Even if heroes might have flaws too, it is villains who might show us what happens when we let darkness into our hearts. On one hand, villains represent freedom from the tight rules of society, the wild wish of doing whatever you want without fearing the consequences. This appeal, however, pales when we’re confronted with the evil they’re capable of. When their story is complete, when the characters are multidimensional there is room for empathy. Fans may then explore their personalities through the villain’s journey.
One-dimensional villains are not appealing because they’re presented as pure evil. Even when their powers are as great as the heroes’, reality is that they leave us with little room for empathy. They do not help us in taking a look at ourselves. However, when villains are presented with a whole story, with all their complexities, we’re capable of loving those who we should hate. Examples of lovable villains are Darth Vader, Loki, Rumplestiltskin, Regina the Evil Queen, and Dark Hook among others.
Heroes tend to be passive and reactive while villains are active and creative. Heroes keep things as they are, villains challenge everything. Heroes won’t start working as such unless there is something that challenges the status quo. So, Thor will not make a move unless Loki messes things up. Snow will do nothing unless the Evil Queen makes people suffer. Thus, we can say that villains are crafters. Granted, crafters of evil, but they’re the ones with the crazy ideas. They challenge society into moving. True that their motives might be biased, but it’s also true that they’re pretty creative. In challenging social rules and roles, they also open a door for our imagination.
So, villains will be believable if their motivations are also believable. How they got to be villains is what makes audiences be able to love them and empathize with them. They are also capable of making us think if their situation reminds us of something. What would have we done in their situation? What did we do when we were in that situation?

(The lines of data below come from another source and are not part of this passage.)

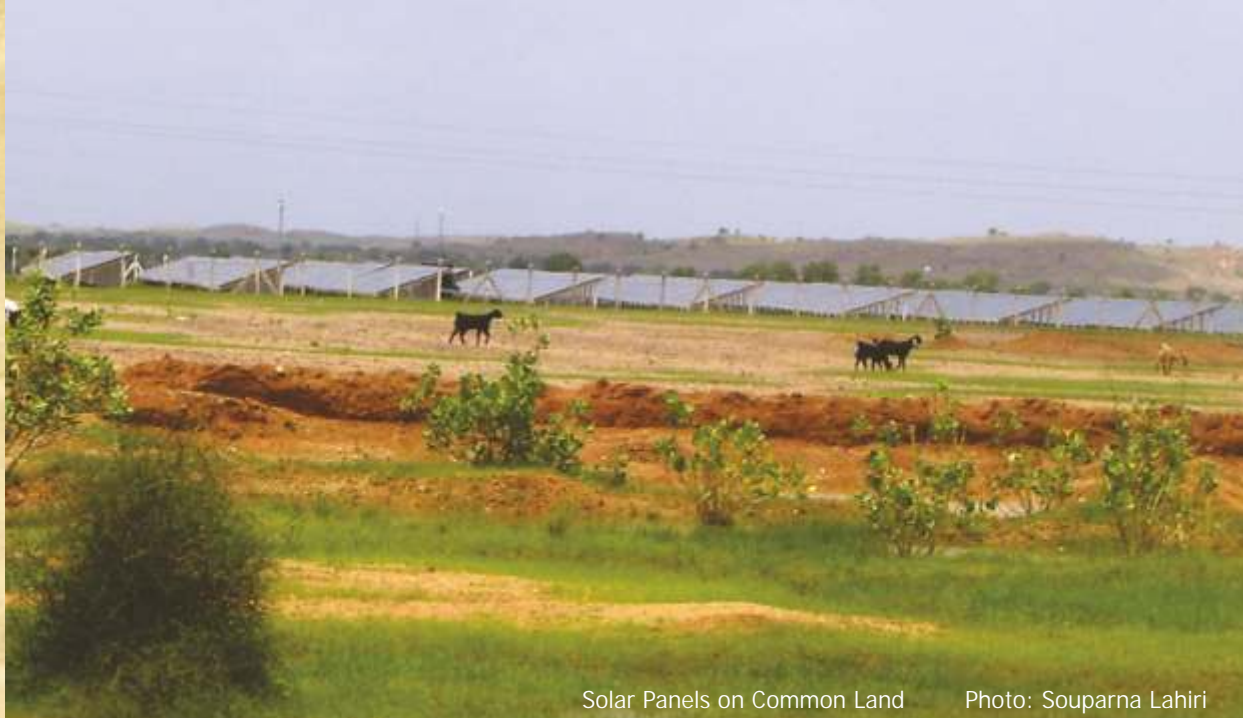
Solar Panels on Common Land

Wind turbines create another kind of problem, though actual land requirement is very small (many operators have actually taken far larger land – probably with future commercial interests, leading to land conflict with villagers). The low-frequency infra-sound is disturbing when other sounds die down in the
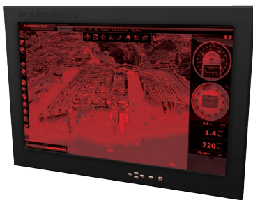
Red Monochrome Night Mode View (24" Monitor)

While we strive to ensure the accuracy of all items and descriptions in this document, this is not always possible. Specifications, options, and availability subject to change with out notice. Errors and omissions excepted. We reserve the right to limit quantities.
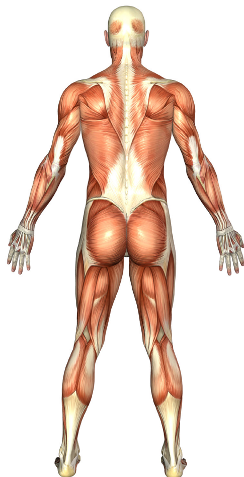
Rear of body
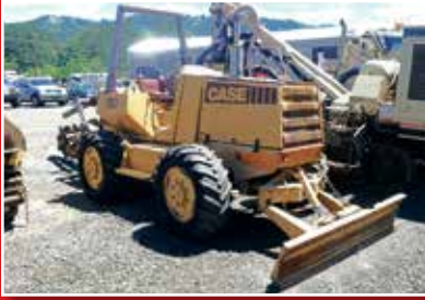
CASE 760 TRENCHER
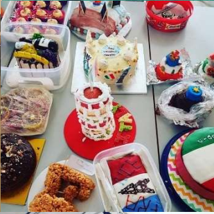
We celebrated the European Day of Languages with a bake sale organised by the MFL department. Over £90 was raised for charity!
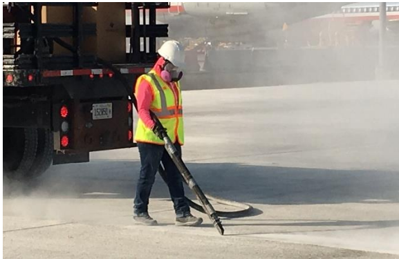
Figure 7 Additional Saw Slurry Removal Through Media Blasting

In Figure 7, the dust cloud from the media blasting indicates the additional slurry laitance that is being removed by the media blasting even after power washing. The media blasting also provides additional texture to the side walls providing better bonding.
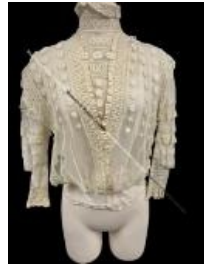
Lady's Blouse (B95L)
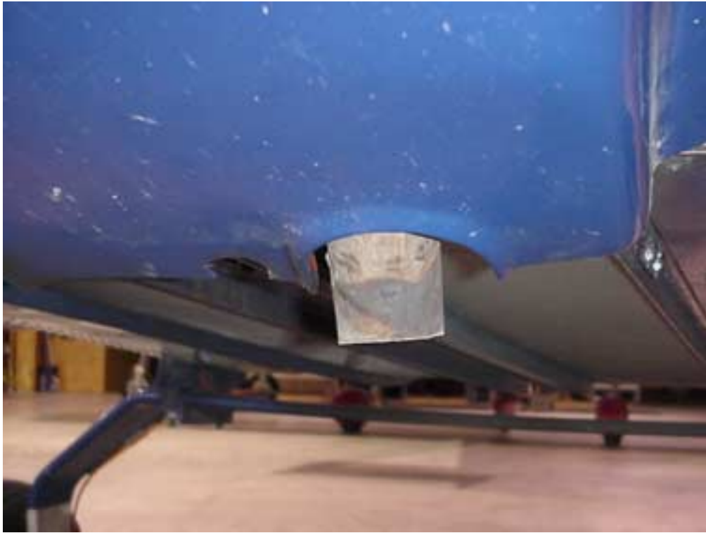
VIEW FROM FRONT
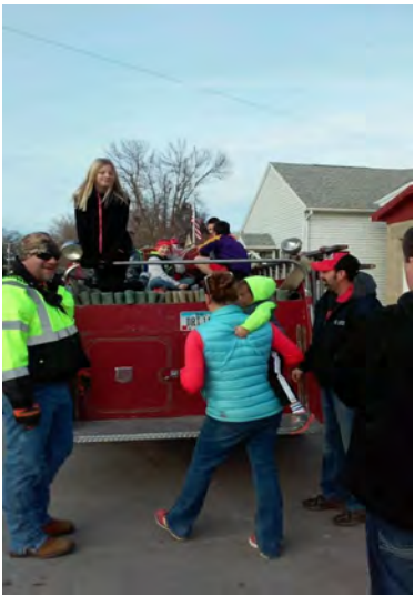
Rides on the fire trucks!
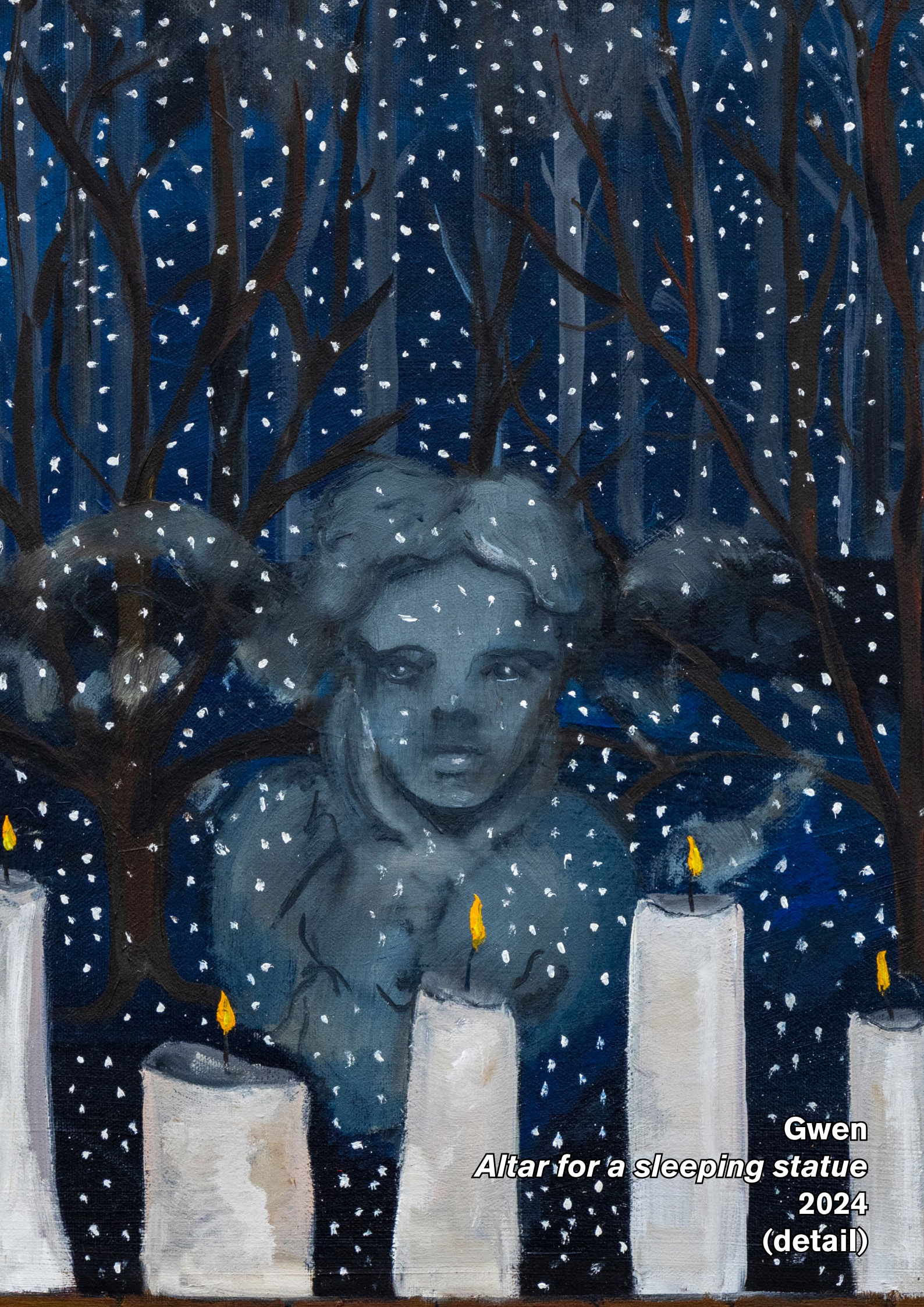
Gwen Altar for a sleeping statue 2024 (detail)
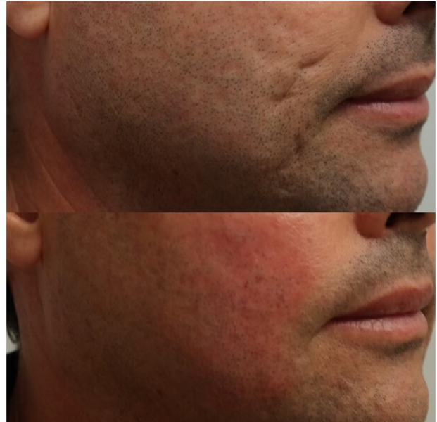
Treatment with Bellafill and Subcision

TCA CROSS: TCA is a chemical peeling agent that leads to collagen stimulation during the healing process. CROSS stands for chemical reconstruction of skin scars. Using 80-100% TCA, ice pick or
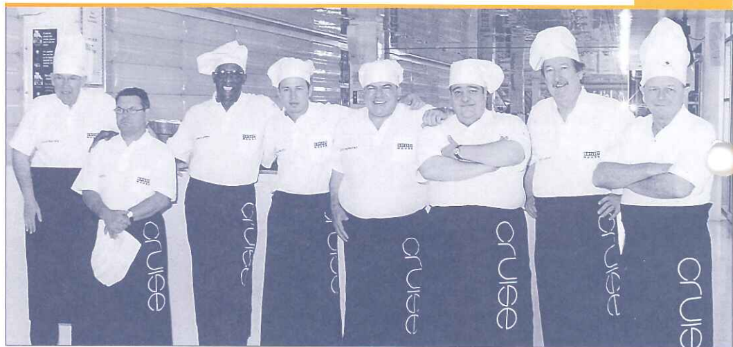
Our celebrity chefs get ready to cook.
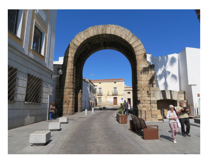
FIG. 1. Southeastern facade of the remains of the triple-bay arch at Mérida, Spain, with a view of the central archway and one lateral archway, constructed in the early first century C.E.

Unless otherwise noted in the caption, images are by the author. Images are not edited by the AJA to the same level as those in the published article.
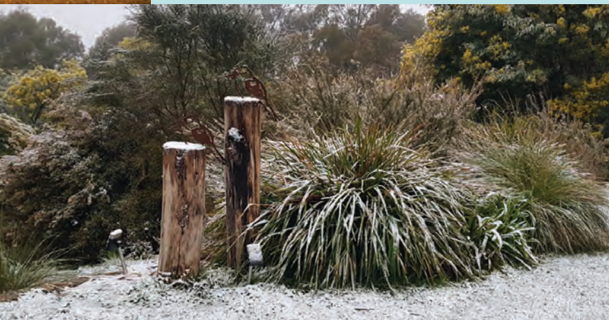
Victoria Tuck captured this image of snow in Strathbogie.

Complex villains who leave some room for any change are those who happen to have more fans. Darth Vader turned to good at the end; Rumpelstiltskin ended up a hero, and Regina became quite good after a lot of effort. Because they are as complicated as human beings, they let us explore our personalities through their evil actions, their motives, and their failures.
While heroes might show us the ideals of what we would like to become, villains explain our human nature in ways heroes can’t. Maybe that’s why we’re so fascinated with multilayered villains. Maybe that’s why the Dark side has cookies.